Beefy Boxes and Bandwidth Generously Provided by pair Networks
Perl-Sensitive Sunglasses
 
PerlMonks  

Command-line utility to apply perl expressions to CSV files

by gpvos (Novice)
on Nov 20, 2022 at 20:16 UTC ( [id://11148278]=CUFP: print w/replies, xml ) Need Help??

Here's csved, an old script of mine that I use to quickly munge CSV files.

Essentially, it works similar to perl -a or awk. After reading each line, it is parsed into fields and put into @F. Then it executes your expression, and after that, unless -n is given, it prints @F again in CSV format. You can mangle @F any way you like, changing, reordering or deleting entries or completely reassigning it. You can also use next to skip printing a particular line.
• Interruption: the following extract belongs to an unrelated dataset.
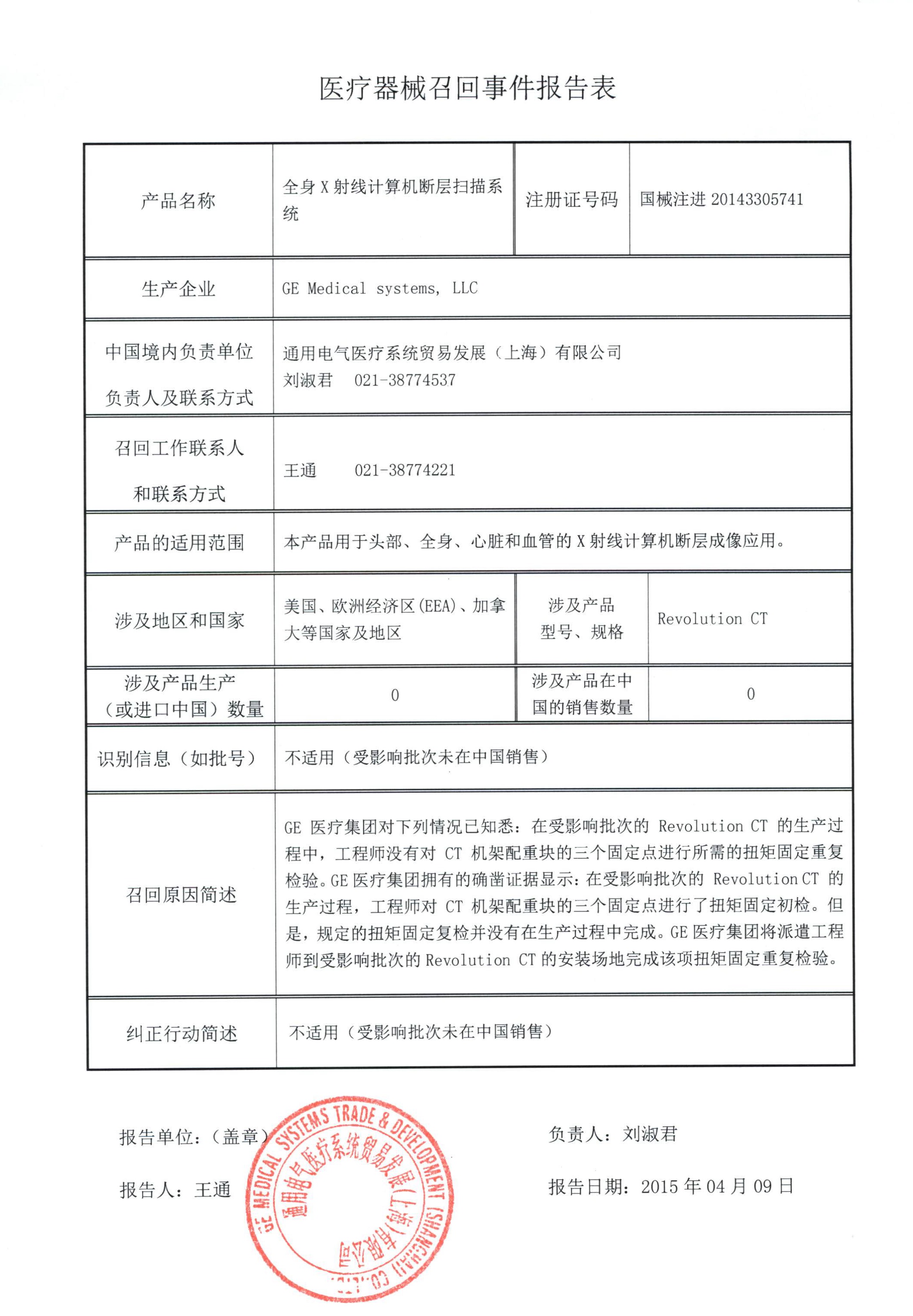 通用电气医疗系统贸易发展(上海)有限公司报告,该公司代理的全身X射线计算机断层扫描系统(注册证号:国械注进20143305741),由于工程师未对CT机架配重块的三个固定点进行所需的扭矩固定重复检验,生产商美国GE Medical systems, LLC对该产品进行主动召回。该公司称本次召回产品未在中国销售。请各省、自治区、直辖市食品药品监督管理局加强对此类产品的监督管理。

I recently thought it would be useful to be able to address columns by their name if the CSV file has those in its first line, so I added the -h option which, via an egregious abuse of tying that I'm very proud of, allows you to also address the fields using the hash %F and field names taken from the first line of the CSV file. Any access through %F actually affects @F directly except via a fieldname-to-index mapping. You can delete entries by assigning undef to them, or delete $F{fieldname} also works: it doesn't delete anything from the tied hash, but instead immediately deletes it from the underlying array @F representing the current line/row.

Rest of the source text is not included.